If you find yourself constantly wishing your friend would treat you better, it may be worth taking a break from the friendship for a while. This can give you the opportunity to sort through your feelings and gain clarity on what to do next. 

Additionally, taking time apart can allow you to see how your life looks without those people. If you notice significant improvement and feel better without the worry of seeing them, it may be a sign that ending the friendship is the best option.

  • 5. Write a Letter

Write a Letter

Writing a letter can be a helpful way to process your feelings and emotions when ending a toxic friendship. It is okay to feel hurt, angry, or sad about the end of the friendship. Write down your emotions and let yourself feel them.

Be honest about the reasons for ending the friendship. Explain why the relationship has become toxic and how it has affected you. Be clear and specific about the behaviors or actions that have hurt you.

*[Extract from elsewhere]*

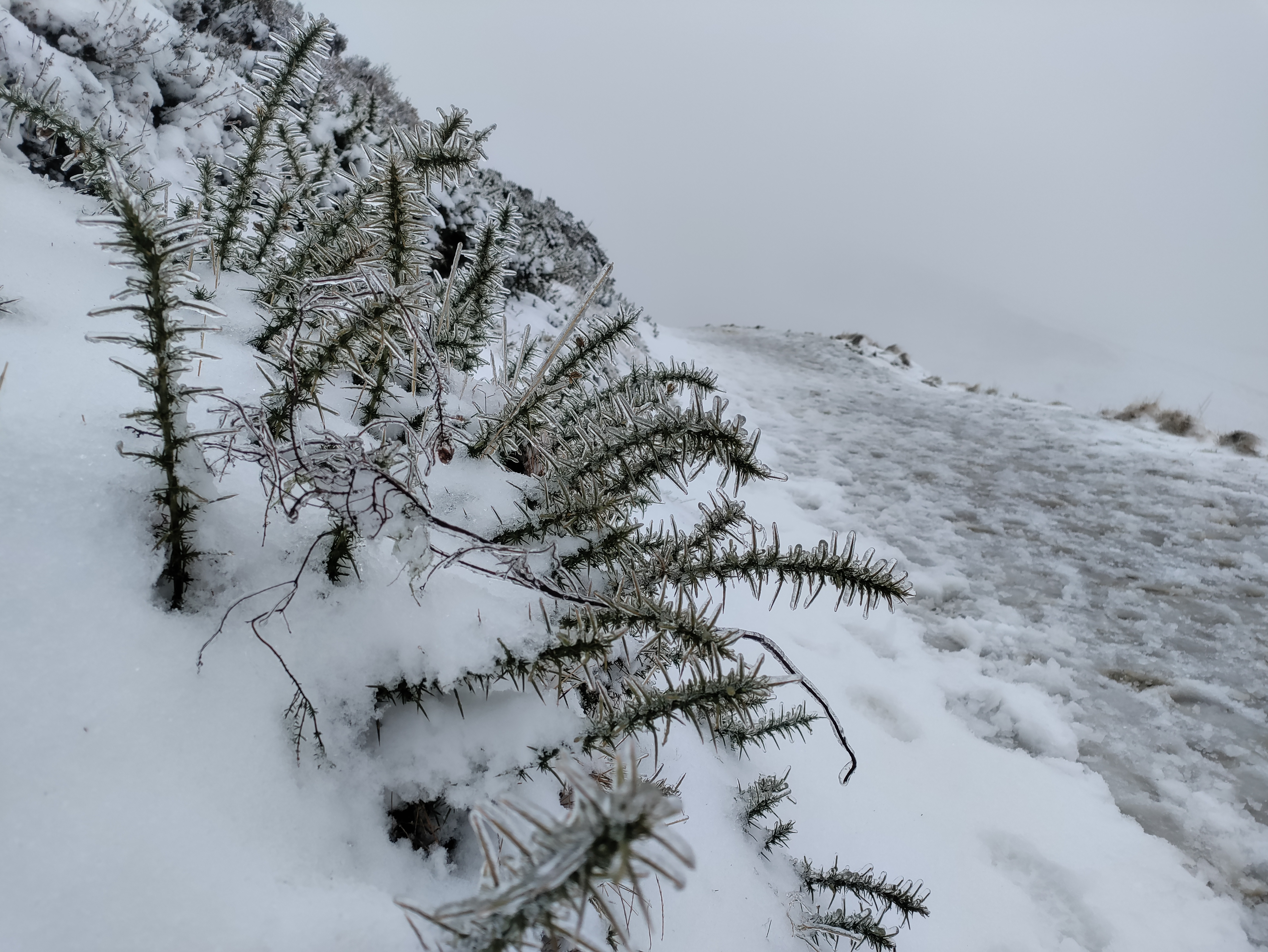 sinna mäe otsa suundusime plaaniga vaadet vaadata, aga oli udune ja vihma lund lörtsi midagi sadas ja kuigi kaugele ei näinud. see-eest tasus vaadata lähedale.

Consider whether or not you want to send the letter. Depending on the situation, you may send the letter or keep it for yourself as a way of processing your emotions. Either way, writing the letter can be a helpful step in moving on from toxic friendships.

  • 6. It’s Still Okay to Step by Your Own 

If you have identified that a friendship has become toxic, it is okay to step away. This may mean reducing contact or ending the friendship altogether. It can be difficult, but remember that you deserve to be in relationships that are healthy and uplifting.

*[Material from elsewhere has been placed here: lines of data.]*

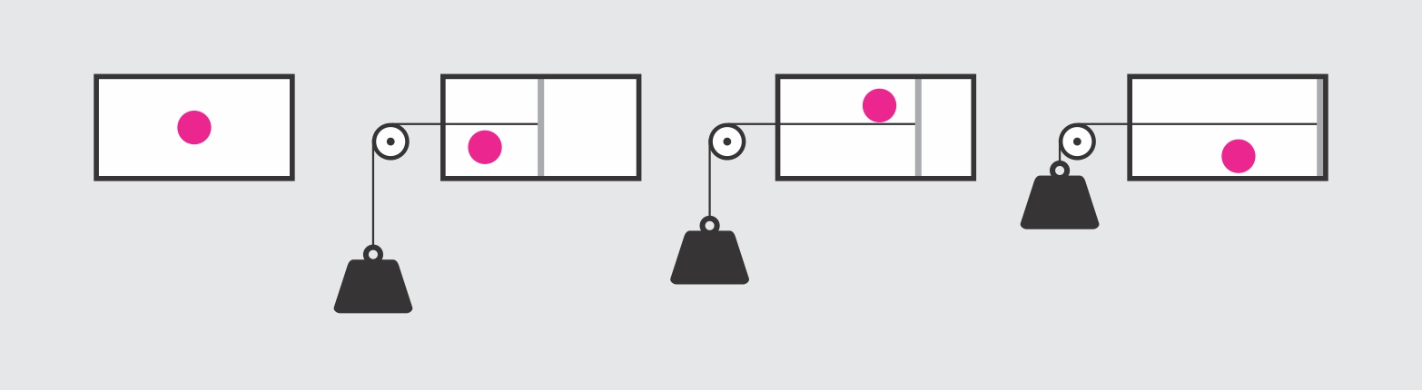 Figure 2. Szilard’s engine. A crafty observer can turn a single particle in a box into an engine that converts information into mechanical work. If, say, the particle is found on the box’s left-hand side, the observer inserts a movable wall and attaches a weight to its left side. The free expansion of the one-particle gas pushes the wall to the right, lifts the weight, and thereby performs work against gravity. (Adapted from ref.
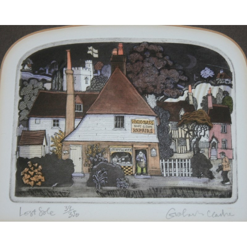‡GRAHAM CLARKE (b.1941) LOST SOLE; THE VERY PLAICE; PROPER JOB; T4-2 Four, coloured etchings, each signed, titled and numbered 39/350 Each 12.5 x 16cm (4)
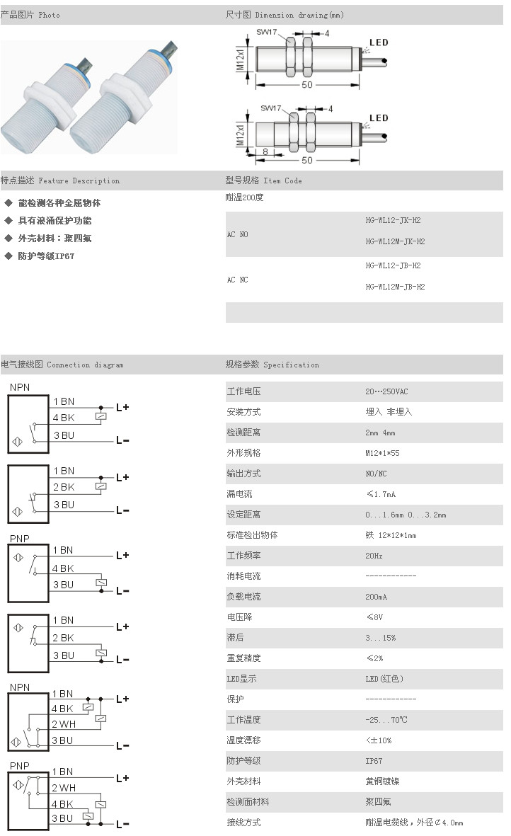 耐高溫接近開關(guān)(低溫) HG-WL12-JK-H2,HG-WL12M-JK-H2,HG-WL12-JB-H2,HG-WL12M-JB-H2,

Stepping away from a toxic friendship may also involve setting boundaries for yourself. This could include limiting contact with the friend, avoiding certain topics of conversation, or being clear about what behaviors are not acceptable to you. It can be helpful to communicate these boundaries respectfully and firmly.

  • 7. Avoid Dwelling In Bitterness

When a friendship becomes toxic, it is natural to feel hurt, angry, or resentful toward the other person. However, dwelling in bitterness can ultimately be harmful to your own well-being. To avoid dwelling in bitterness in a toxic friendship, practice forgiveness. 

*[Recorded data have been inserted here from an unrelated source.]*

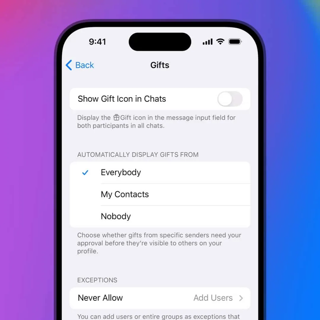 To add the 'Gift' button, control which gifts are shown on your profile or choose which gifts you accept, go to Settings > Privacy & Security > Gifts.
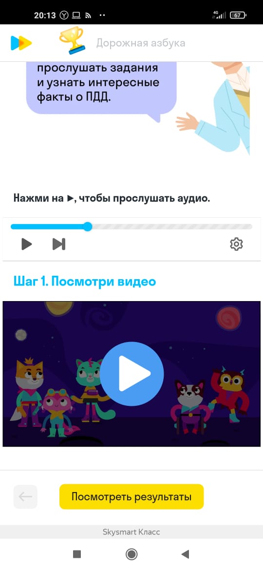 17 сентября в рамках дня здоровья, классный руководитель 3 класса Мухутдинова Р.Ф. для учащихся организовала онлайн мероприятие на SKYSMART платформе по теме «Дорожная азбука». Учащиеся помогали Максу и его друзьям правильно переходить дорогу, учили дорожные знаки и запоминали, как себя вести в транспорте. -
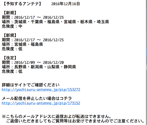いちいちサイトが更新されたかどうかをチェックしなくても予知情報が更新されたらわかるのが便利ですね。

Forgiveness is not equivalent to overlooking or justifying the other person’s conduct. Rather, it’s about freeing yourself from the negative emotions like anger and bitterness that are hindering your progress. Forgiveness is a process, and it may take time to work through your emotions.

  • 8. Gather The Help of Other Friends

Gather The Help of Other Friends

Getting over toxic friendships can be a difficult and emotional process, but reaching out to other friends for support can be helpful.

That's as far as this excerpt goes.